Speed had called the refugees boring; Isherwood calls Gus Field a bore. To be boring was an unacceptable crime in Isherwood's new Speed Lamkin-style drive for success. Perversely, Field became the scapegoat himself for the ill treatment meted out to him by Isherwood and the Beesleys. As with the refugees and Caskey, Field and the guilt he inspired in Isherwood and his friends, had to go.

And yet part of Isherwood brooded over the excluded, marginalized figure of Gus Field, resulting in the strange non-ending of the reconstructed diary. For Isherwood, the Field episode was closed but not resolved. He had originally planned, at Thanksgiving 1970, that the reconstructed diary might carry through to 1955—or at least to 1953, when he met Don Bachardy.

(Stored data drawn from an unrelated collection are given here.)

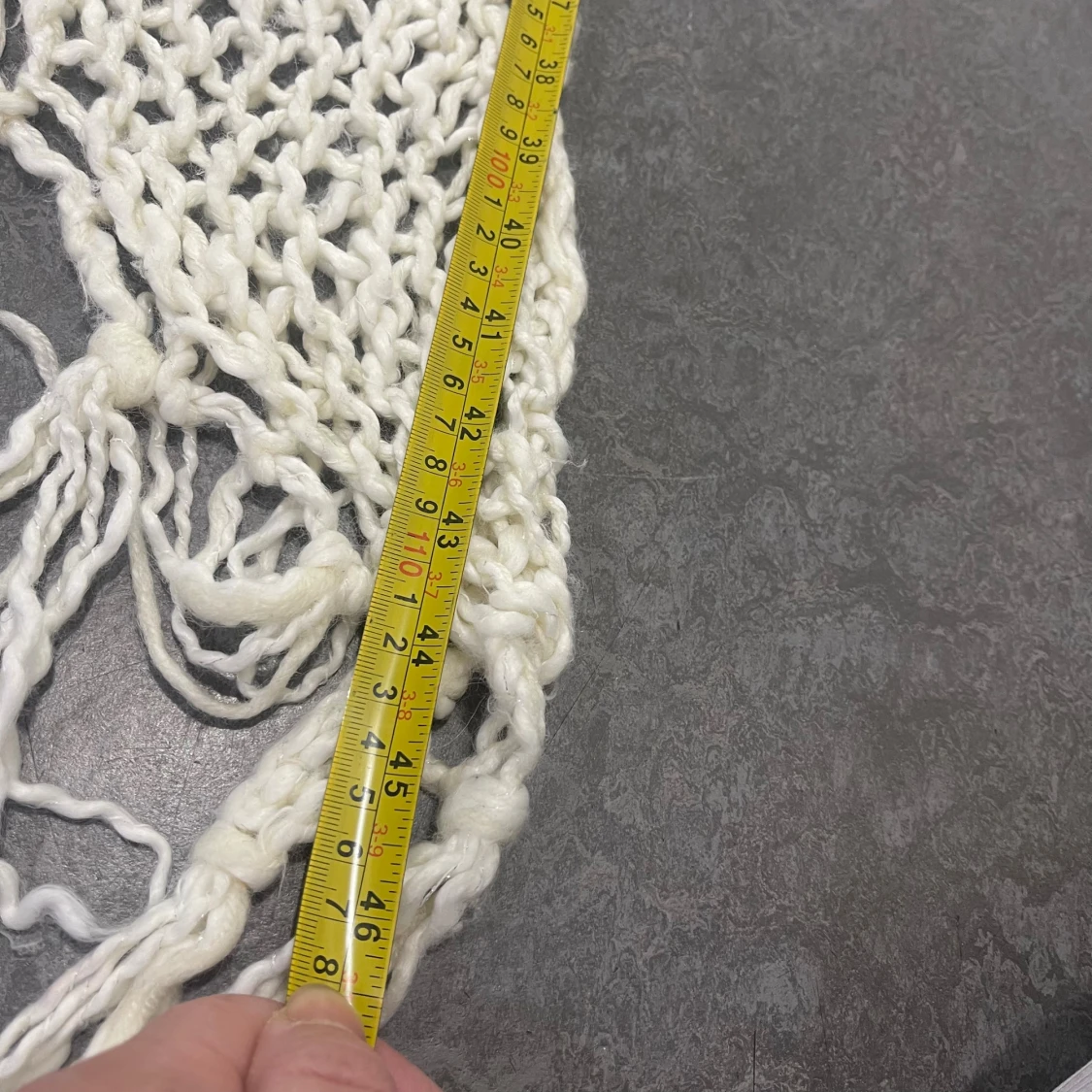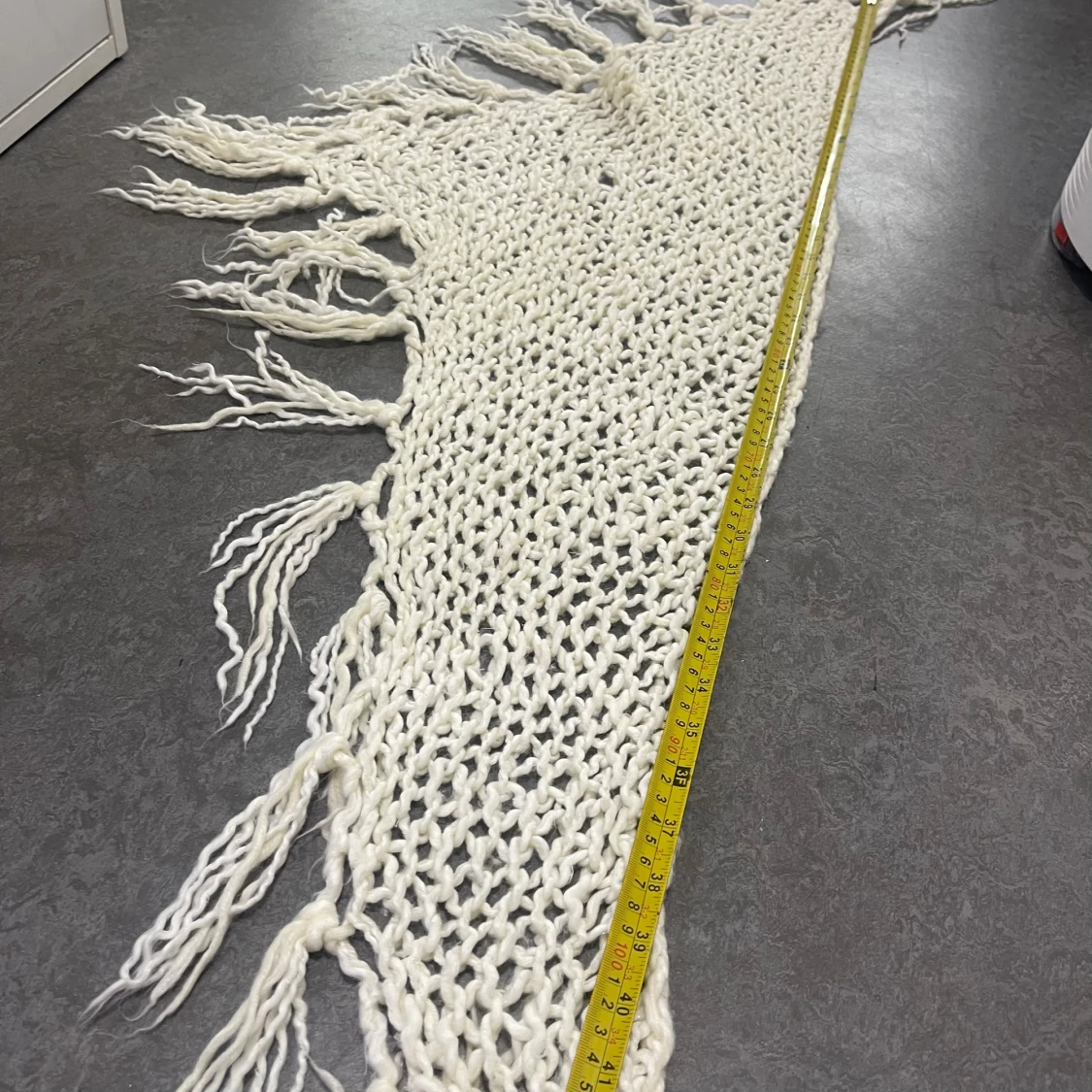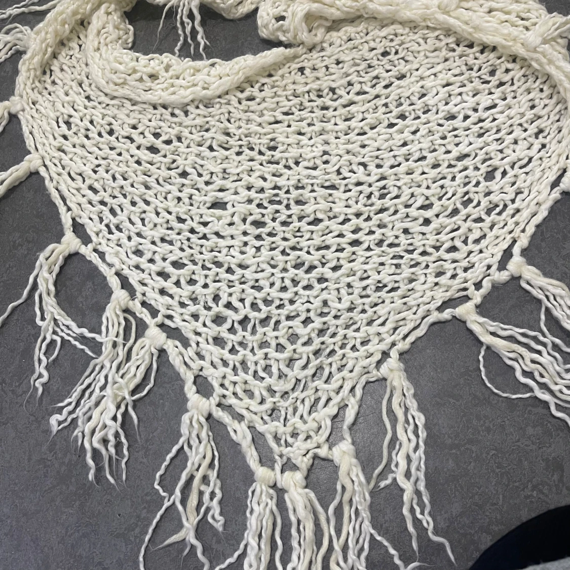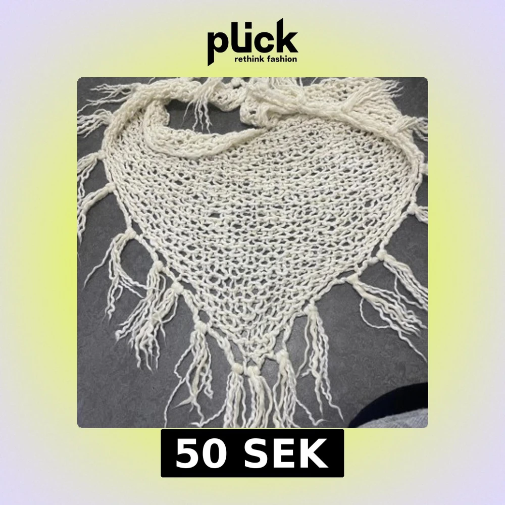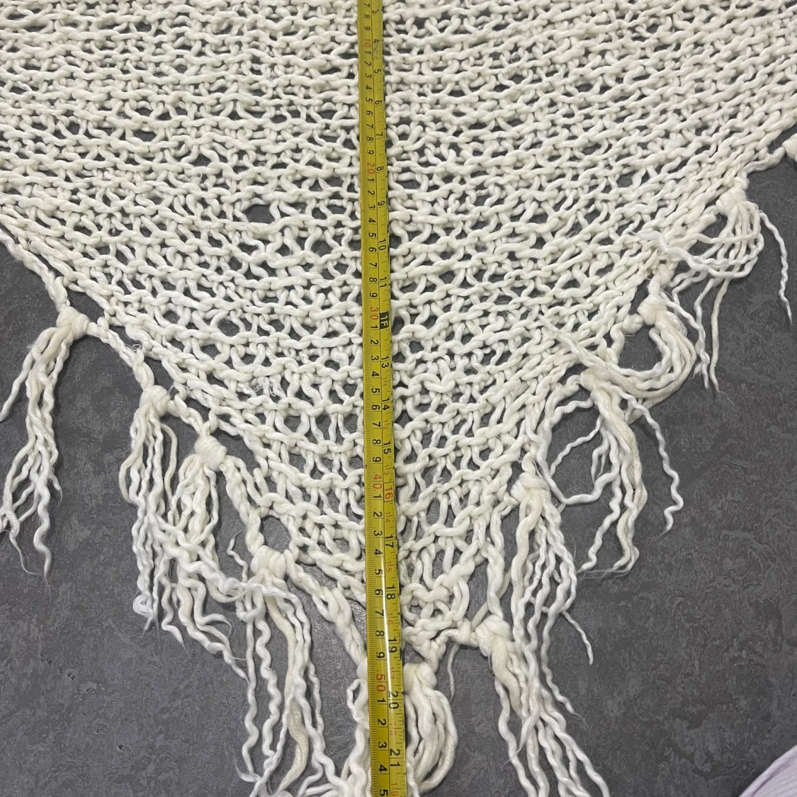 Säljer en vit, grovstickad trekantig halsduk med långa fransar längs kanterna. Halsduken har en luftig och bohemisk känsla, perfekt att slänga över axlarna för en chill look. Mjuk och skön, passar dig som gillar unika accessoarer.
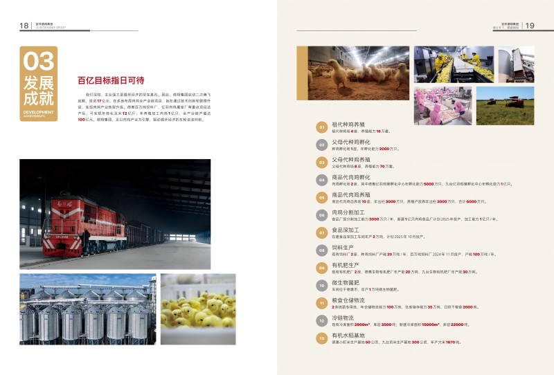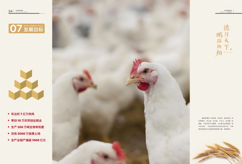 德翔集團(tuán)秉持“種好糧、養(yǎng)好雞、做好食品”的經(jīng)營(yíng)理念,遵循綠色循環(huán)、產(chǎn)業(yè)融合、無(wú)抗高質(zhì)量、延鏈高效、聯(lián)農(nóng)帶農(nóng)的發(fā)展原則,以肉雞產(chǎn)業(yè)為主體,以吉林德翔科創(chuàng)中心、東北亞禽業(yè)交易中心為兩翼,打造“一體兩翼”格局,擴(kuò)大產(chǎn)業(yè)規(guī)模,補(bǔ)齊技術(shù)創(chuàng)新和交易定價(jià)等方面的短板,筑牢發(fā)展基石。未來(lái)3~5年,計(jì)劃投資50億元以上,在德惠、九臺(tái)、江源、中韓(長(zhǎng)春)國(guó)際合作示范區(qū)等地重點(diǎn)布局,項(xiàng)目建成后,可新增就業(yè)崗位7000余個(gè),間接帶動(dòng)糧食物流、雞舍消毒防疫、抓雞隊(duì)、毛雞運(yùn)輸、雛雞運(yùn)輸、冷鏈物流等轉(zhuǎn)移就業(yè)10000余人,人均年增收6萬(wàn)元以上。使集團(tuán)進(jìn)入百億級(jí)農(nóng)業(yè)產(chǎn)業(yè)化龍頭企業(yè)行列,打造吉林省農(nóng)業(yè)綠色循環(huán)高質(zhì)量發(fā)展的樣板、帶領(lǐng)農(nóng)民工返鄉(xiāng)創(chuàng)業(yè)致富的領(lǐng)頭羊,為德惠市創(chuàng)建國(guó)家肉雞現(xiàn)代農(nóng)業(yè)產(chǎn)業(yè)園、吉林省創(chuàng)建國(guó)家肉雞優(yōu)勢(shì)特色產(chǎn)業(yè)集群做好準(zhǔn)備,引領(lǐng)吉林省畜牧業(yè)高質(zhì)量發(fā)展和鄉(xiāng)村產(chǎn)業(yè)振興。
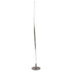 A tall modern metal LED Lamp with a single twisting light, made with a satin nickel finish.
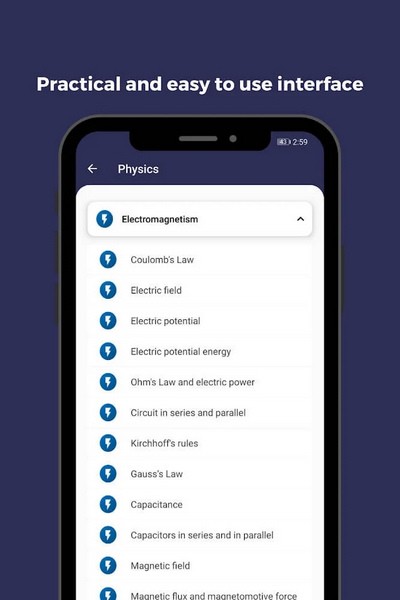 此应用程序中一个令人兴奋的功能是您可以轻松找到物理公式。除了物理类别的公式,您现在还可以找到这些类别的新概念。这有助于您更好地了解新知识,并将其快速正确地应用到实践或研究活动中。所以,这是一个你不能忽视的工具。

But by March 1974, as he was writing about the end of 1950, his ambition had shrunk: “I would like to record the winter of 1951–1952, even if I go no further.”
42
In September the same year, advancing slowly, he had again reduced his aims, “I've reached January 1951. I would like, at least, to get the rest of that year recorded, particularly the production of
I Am a Camera
.”
43
Finally, in January 1977, with
Christopher and His Kind
already published, he had made only a little further progress, though he still planned to continue: “. . . thus far, I've reached May 1951 and I would like to carry the narrative on until at least the end of 1952.”
44
But he never returned to the task, and in the end he never got beyond the shadow of Gus Field—the necessary victim of Isherwood's success. From time to time, Isherwood also mentions in his diary the idea of returning to the subject of the refugees and writing a novel solely about them. But he never did; they, too, were part of the past of which he had to let go. Their story survives only in his wartime diaries, an adequate and important historical account. As for Caskey, his story is contained in the reconstructed diary.